For more information or to register a project, please contact Phil Anderson or check out the Project Clients section of the ESP website.

  1. One Response to “Give a U of T Student a Design Project”

  2. Ok - I want someone to design me a UI with workflows for managing relationships between potential employees and contractors, and a company that hires them (I won’t say who that company is, but it starts with “Jona” and ends with “roup”).

    The problem - I’m looking for a better way to quickly plan for the recruitment of staff for consulting projects relative to the following 3 dimensions:
    1) Availability of resources
    2) Availability of projects
    3) Likely “quality of an applicant”

    I’m looking for a unique combination of the following 4 tools:
    Monster / Workopolis
    LinkedIn
    Microsoft Project
    PGP

    Resume sites like monster allow candidates to post resumes for employers to browse resumes, and prospective employees / contractors to browse job postings. But they have a number of problems:
    1) There are too many resumes to browse
    2) Resumes become out of date
    3) Availability of the candidate is not captured (2 weeks notice, 6 months from now for 3 months))
    4) Quality of candidates is unknown - no referrals or referral chain for the candidates
    5) It takes too long to post a job, wait for applicants, interview applicants, and place them. In consulting, the employer usually just ends up asking their trusted network “who do you know”.
    an applicant, you’re just a resume in a pile - difficult to distinguish yourself.
    6) Start date / length of position is often only informally captured
    7) Can’t register “when they will be available” and “for how long”
    8) resumes are free form. It takes a while to grok what the candidate has really accomplished, and what seems more like fluff.

    LinkedIn has the beginnings of a good referral chain, but it also has limitations
    1) Allows colleagues to post testimonials about other colleagues
    2) Allows people to locate individuals they’re not directly connected to, and see who they are connected to
    3) Can’t easily calculate the trust level or “referral strength” beyond the first level in the chain
    4) Accepting a link to someone is tantamount to applying “full trust” to them. Further, they know when you don’t accept the link, which can cause some personal strife. There is no option to make testimonials private. No option to “quantify” the testimonial (and keep this private)

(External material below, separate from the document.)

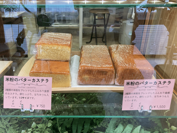 2種類の米粉をブレンド。新鮮な卵がたっぷりで、はちみつのほんのりとした優しい甘さが美味しいカステラです。食感はふんわりですが、お腹にはずっしりきます。ハーフサイズもあります。

    PGP has the concept of trust chains
    1) Can calculate the trust level for any key based on trust chain. Should be able to do this for any referral.
    2) It encrypts email. I don’t like this

    So I want a UI for a webapp that allows for the following
    1) prospective applicants can register interest in jobs, along with their projected availability
    2) employers can assign a private “ability level” to the candidate (based on resume, other knowledge) to applicants.
    3) employers can assign a private “trust level” to either the candidate relationship (direct personal knowledge) or the relationship to the candidate’s referrer (knowledge of the referrer). These are used to calculate various metrics relative to other candidates. It can be used to calculate the “effective ability level” if the employer has no direct knowledge of the aplicant. Think of applying (Trust level * ability level) in a series across the entire referral chain.
    4) employers can register upcoming jobs or potential jobs based on their sales funnel, and approximate staffing levels at vaiours points in time (This really falls out of an MS project plan
    5) Allow aggregations at the vendor level - consideration of the needs for multiple upcoming projects at once.
    6) Allow employers to assign a resource to a job, locking that candidate down and removing him/her from the pool currently being considered, and from the list of needs for an aggregate set of projects
    7) Allow empoyees to record actual quality levels, which would dynamically evolve trust levels

    Other nice-to-haves
    1) remuneration schemes for “successful” referrals of candidates
    2) instantiate this same UI for the upstream workflows: allowing clients to register jobs directly with the vendor. Establish trust chains with more dimensions to allow clients to make better choices about a particular vendor.